С первыми лучами солнца кто-то тряхнул меня за плечо со словами:
— Эй, героическая личность! Вставай! Выбирайся отсюда, как хочешь! Только
не через мое окно. И чтоб никто не видел, а то пойдут глупые, ненужные
разговоры.
— Черт! Как нехорошо получилось! Заснул и бездарно провел ночь!
— И хорошо, что не было второй попытки штурмовать меня. Точно бы началась
у нас с тобой драка. Мне еще в Союзе мужики надоели, липнут, гады, как
мухи. А я этого не люблю! Убить всех готова. Проходу от вас нет.

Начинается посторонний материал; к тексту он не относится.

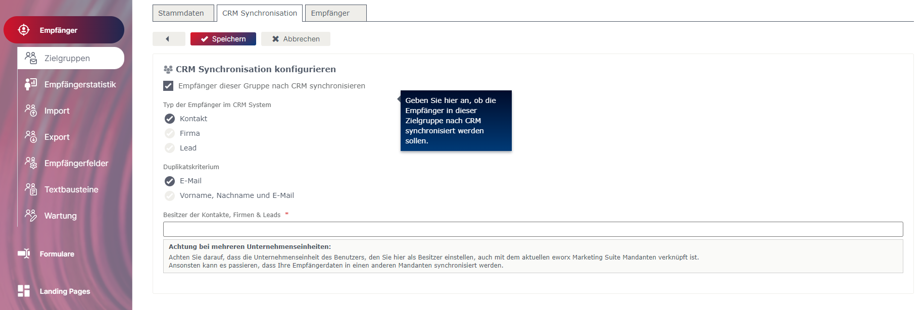 Wie können Zielgruppen & Empfänger nach CRM synchronisiert werden?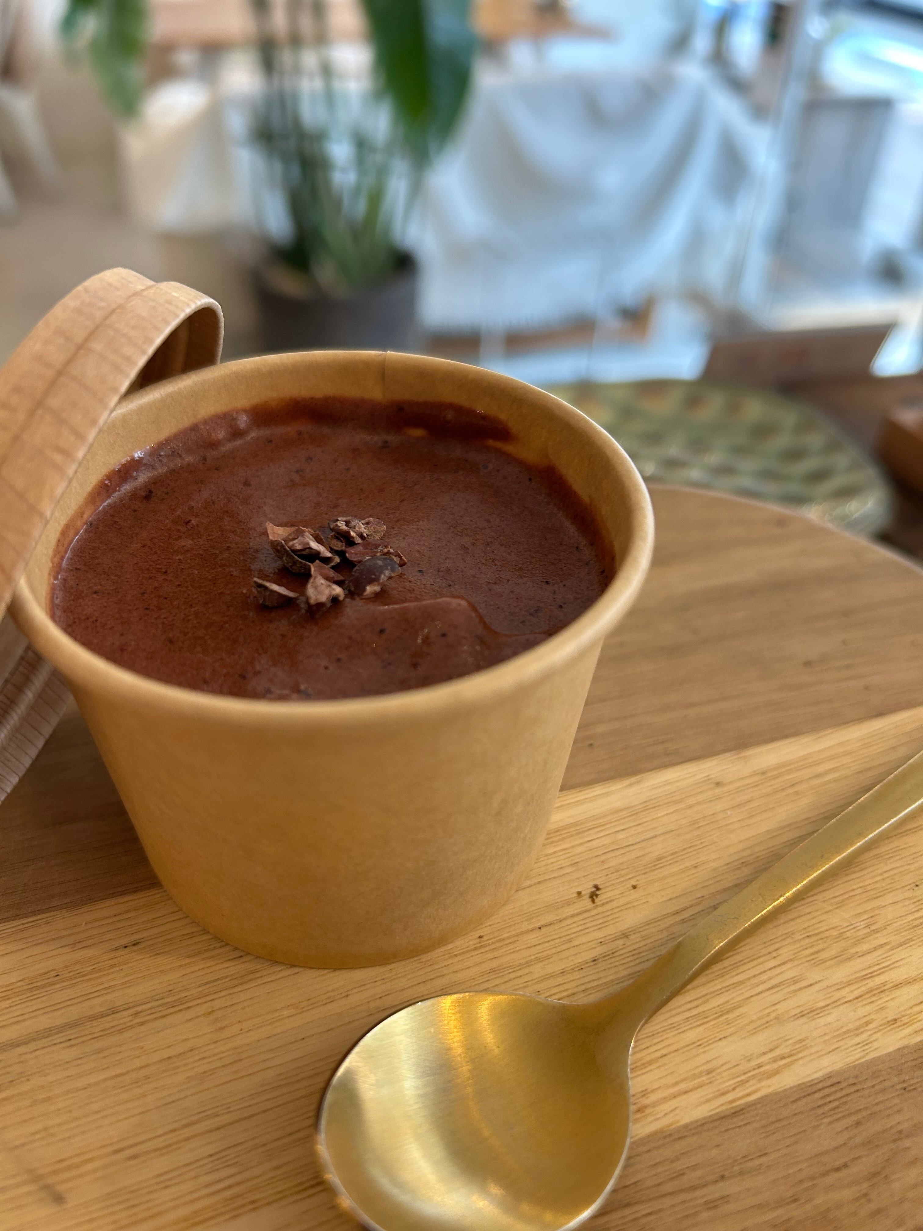 フルーツ・100%ピュアココア・はちみつのみで作る、濃厚でヘルシーなチョコホリックボウルの“ジェラート状の土台”だけを味わいたい!

— За одиночеством нужно было отправляться к амазонкам, а тут здоровый
мужской коллектив. Не будет тебе ни сна ни покоя, — сказал я, смущенно
одеваясь, и быстро, не прощаясь, вышел за дверь.
* * *
Дежурным по полку я заступал впервые. Помощником дежурного, начальником
караула был, а дежурным — никогда. Начало — развод караулов и наряда —
прошло нормально. Хорошо, что нет Ошуева, большого любителя снять состав
наряда с дежурства. Не успел принять оружкомнату и документацию у
прежнего дежурного, Оладушкина, как уже случилось происшествие. Пришедший
сдавать пистолет дежурный по автопарку прострелил задницу (точнее
сказать, бедро) «помдежу». А дело было так.
— Коля, ты пистолет разрядил? — спросил Оладушкин Колоколова.

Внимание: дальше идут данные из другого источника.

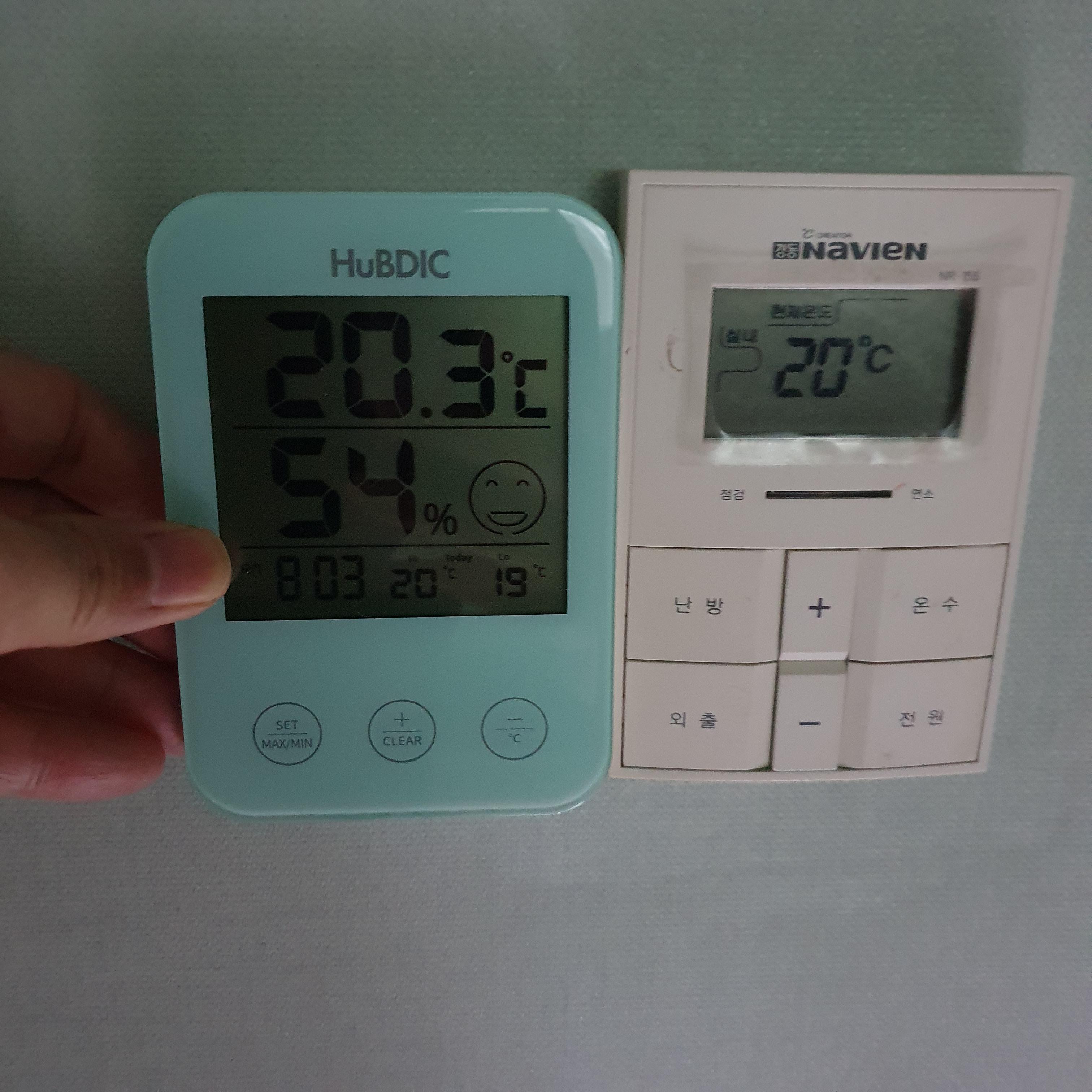 휴비딕 디저털 온습도계의 온도는 20.3도 나비엔 보일러의 온도는 20도 입니다. 보일러에 표시되는 온도의 단위는 소숫점 이상 자리까지 밖에 표시가 안되기 때문에 거의 비슷하다고 볼 수 있겠네요. 0.3 의 차이는 오차라고 단정하기 어렵기 때문에 보일러 온도 표시와 99% 일치하다고 볼 수 있겠습니다.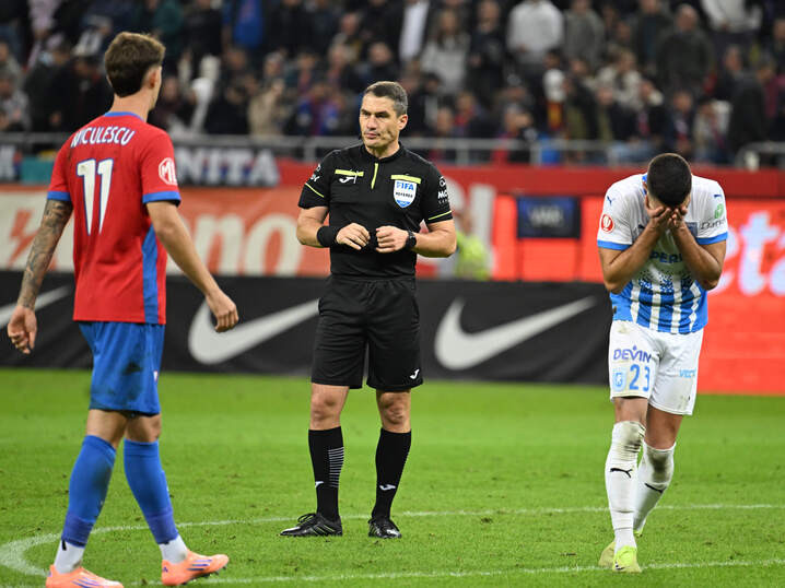 Descriere: Arbitrul central Istvan Kovacs reacționează alături de David Raul Miculescu si Samuel Teles Pereira Nunes Da Silva in meciul dintre FCSB si Universitatea Craiova, contand pentru Superliga Superbet, desfasurat pe Arena Nationala din Bucuresti, duminica 5 octombrie 2025. © FOTO:Razvan Pasarica/SPORT PICTURES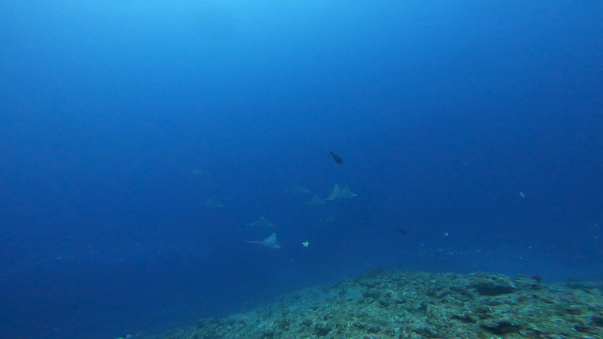 エントリー早々・・・ギンガメアジの群れ&イソマグロの群れ&マダラトビエイ7匹が、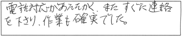 電話対応があたたかく、また、すぐに連絡を下さり、作業も確実でした。 |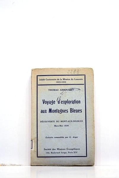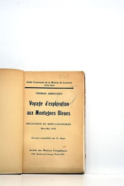 Jubilé Centenaire de la Mission du Lessouto 1833-1933. Voyage d'exploration aux Montagnes Bleues. Découverte du Mont-aux-sources. Extraits rassemblés par G. Atger.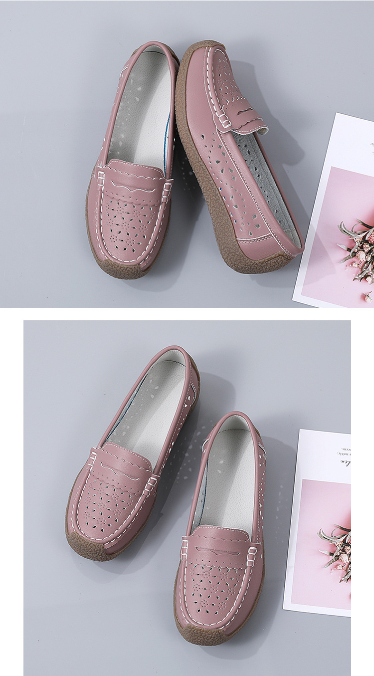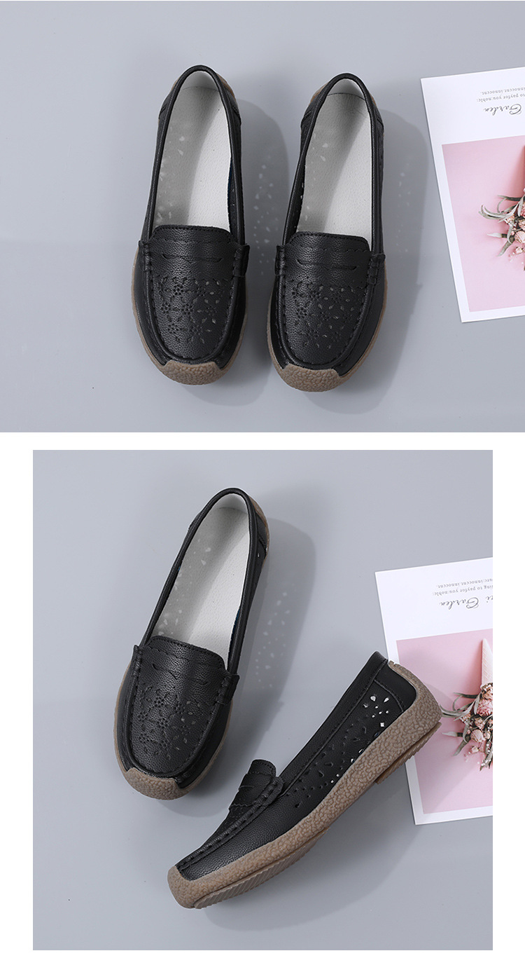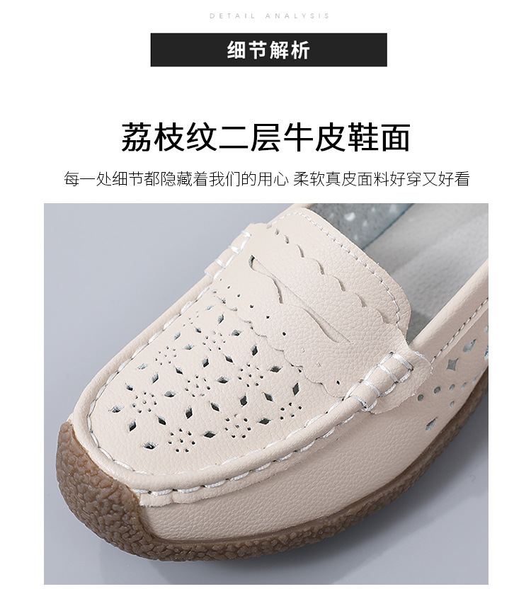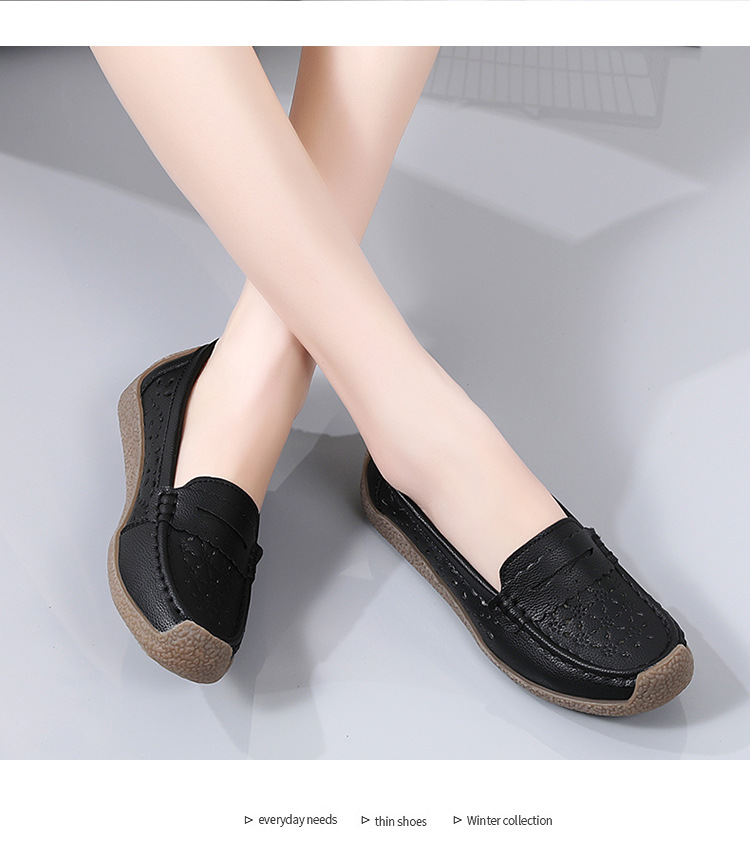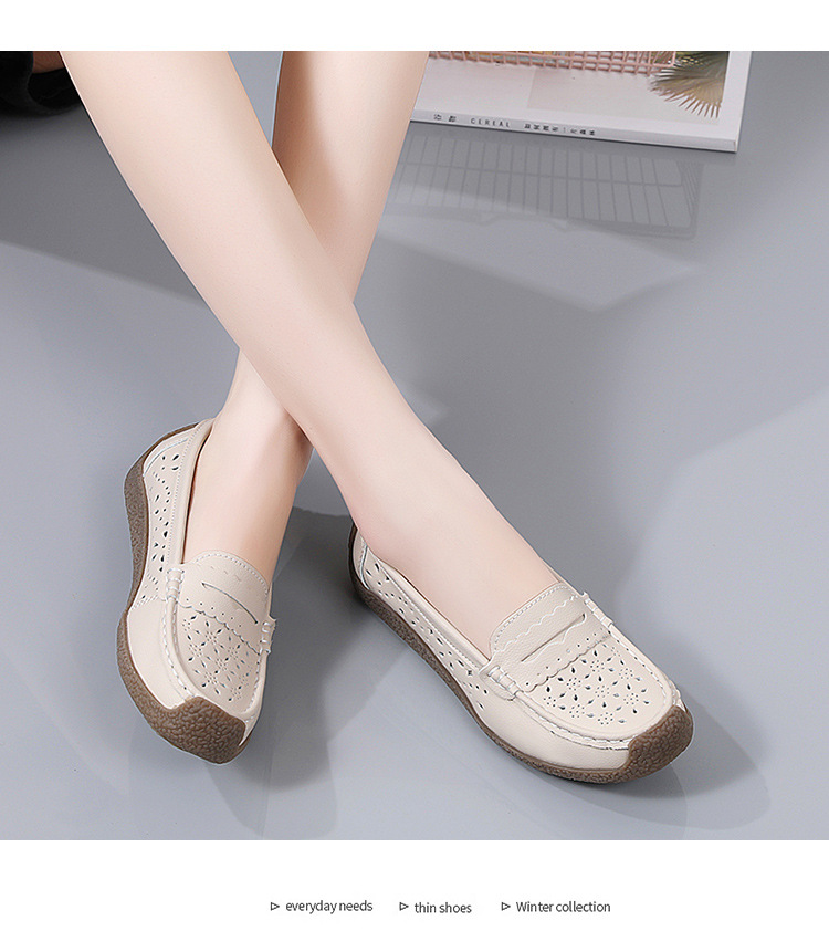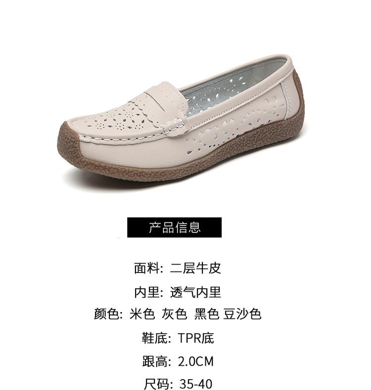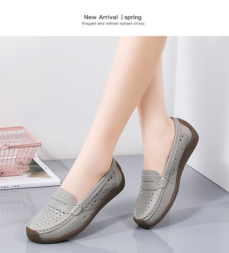 봄 새 여성 신발 속이 빈 어머니 여성 신발 사계절 게으른 신발 쇠고기 단독 단층 신발 여성용 모든 매치 플랫 빈 신발스토어 가기

— Ага. Кажется. Сейчас проверю, — ответил лейтенант и, не вынимая обойму,
перезарядил пистолет. После этого отвел ствол в сторону и нажал на курок.
Выстрел пришелся в стоящего у стены капитана. Раненый Рычагов взвизгнул и
подскочил вверх метра на полтора, затем со стоном рухнул на пол,
приземлившись на зад. Капитан взвыл, вновь подпрыгнул и упал в объятья
Колоколова.
— Скотина! Изверг! Тебе мало коллекции «духовских» ушей, взялся за
отстрел наших жоп! — рычал он на Колоколова.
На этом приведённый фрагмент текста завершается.